Так, на внезапных подъемах и столь же не соответствующих житейской логике спадах рисовался, вернее, игрался Акакий Акакиевич. Когда дело доходило до Евгения, которого «пушкинские стихи облачают в некое величие», интонации менялись. Неуловимо менялась и осанка — дворянская выправка, красивая посадка головы, гордый взгляд.
О мощный властелин Судьбы! Не так ли ты над самой бездной, На высоте уздой железной Россию поднял на дыбы?«Протест против бесправия переполнял феноменальный яхонтовский голос и доводил его почти до предельной силы звучания… Между тем взгляд исполнителя ни на секунду не отрывался от намеченной с самого начала точки где-то в вышине, так что мы привыкали уже к тому, что именно там находится… монумент. Потом Яхонтов делал паузу, не выпуская глазами „горделивого истукана“, потом, все не отрывая от него глаз, склонялся как-то боком с опаской в сторону от монумента, как бы дичась его, слегка заслоняясь правым плечом. Мы внезапно видели перед собой… Евгения!
Вдруг в этом согбенном человеке пробуждалась отчаянная смелость.
Правая рука его, снизу слева описывая полукруг, взметывалась вверх направо, точно туда, где восседал на коне император; указательный палец напряженно устремлялся прямо в его лицо, обличая: вот преступник!
На этот жест ложилась точно рассчитанная по времени фраза: „Есть в Петербурге сильный враг…“»
Так этот момент описывает Я. Смоленский. Другие очевидцы добавляют: начало гоголевской фразы, перебивающей строки Пушкина («Есть в Петербурге сильный враг…»), Яхонтов провозглашал торжественно, медленно и — резко снижал интонацию, мелко семеня словами: «…всех, получающих четыреста рублей в год жалованья или около того». Опять торжественно: «Враг этот…» — и, как ни в чем не бывало, прозаической скороговоркой: «…не кто другой, как наш северный мороз, хотя, впрочем, и говорят, что он очень здоров». И руки потирали друг дружку от холода…

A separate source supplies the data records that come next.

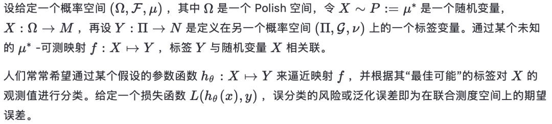 我们将在适当的地方隐式地假设绝对连续性 ,例如在讨论相对熵时。我们还将假设真实测度 和真实标签是已知的,例如,这是为了训练或对真实测度进行参数分布拟合的目的。
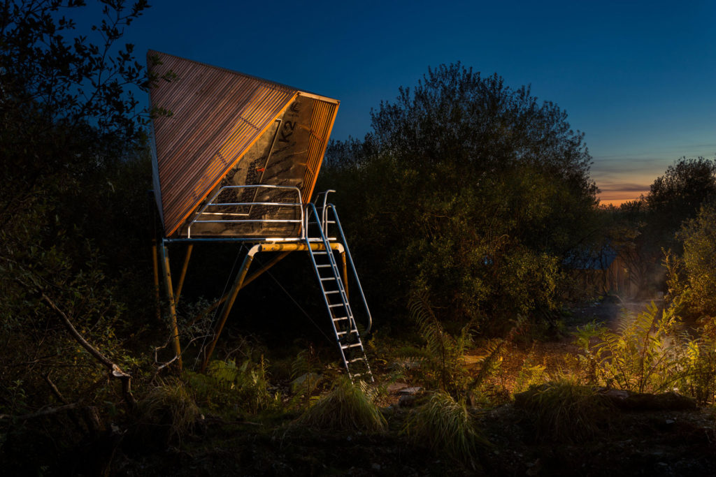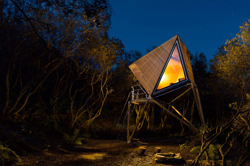 Ugyanis különleges kabinokat szereltek fel az egyik erdőben, a szögletes, vörösfenyővel díszített építmények a fenyőfák felett helyezkednek el, és gyönyörű kilátást biztosítanak a tájra. A létrán keresztül egy panelburkolatú belső térbe léphetünk be, amelyben ülősarok és hálósarok is van, a környező táj pedig gyönyörűen kivehető a háromszögablakokon keresztül. Nem rossz. Meteorraj-figyelésre mondjuk éppenséggel tökéletes.
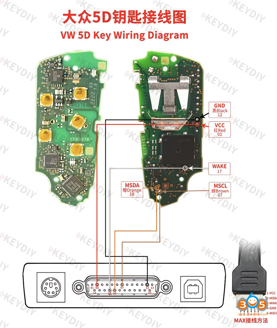 Then solder the modified cable to the key PCB as key wiring diagrams shown in the KD-MAX device.
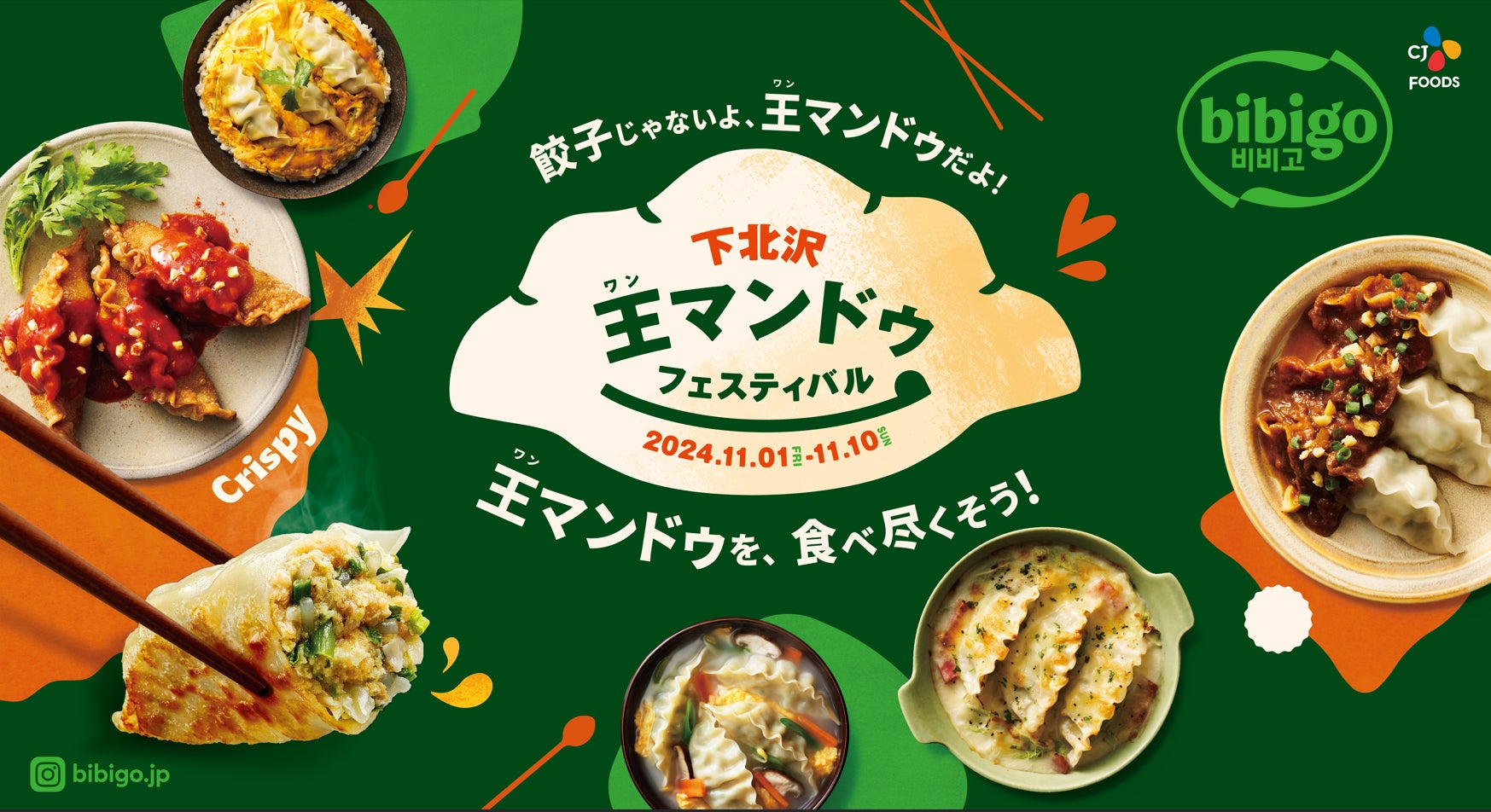 CJ FOODS JAPAN株式会社は、下北沢周辺の飲食店34店舗と協業し、グローバル韓食ブランドbibigoの看板商品である「王マンドゥ」の様々なコラボメニューが楽しめる「bibigo 王マンドゥフェスティバル」を、2024年11月1日~10日まで開催いたします。
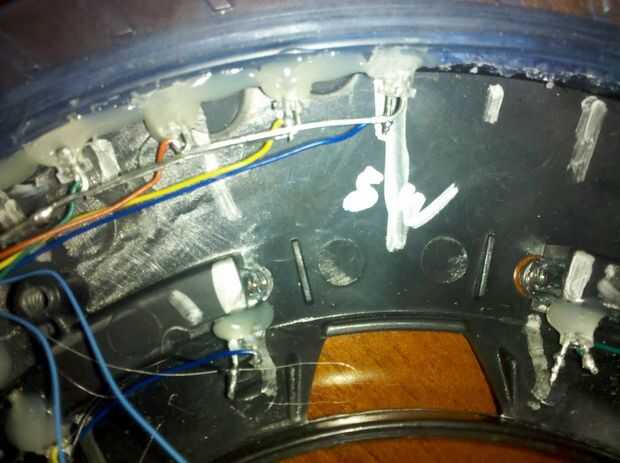 Por ahora, el disco probablemente a partir para parecerse a una masa de alambres. Con cuidado colocar estos cables por debajo de su LED donde posible hará que el disco parece un poco más limpia. A menudo he encontrado útil quitar las baterias (si usted tenia en su lugar) para meter los cables. Una vez terminado y probado todo, es probablemente una buena idea de volver y agregar unos toques de pegamento caliente para mantener las cosas en su lugar.

Бегут, семенят на службу продрогшие чиновники — опять мелко-мелко семенят слова текста, пока в каком-то месте опять не обретут пафос. Но теперь это уже другой, так сказать, канцелярский пафос. Прибежав в департамент, чиновники долго топочут в швейцарской, «пока не оттают таким образом все замерзнувшие на дороге (далее — с пафосом) способности и дарованья к должностным отправлениям». Будто у человека уже нет ни головы, ни рук, ни ног, а только «способности и дарованья к должностным отправлениям». Интонация похожа на витиеватый росчерк канцеляриста на казенной бумаге, по содержанию самой что ни на есть пустой.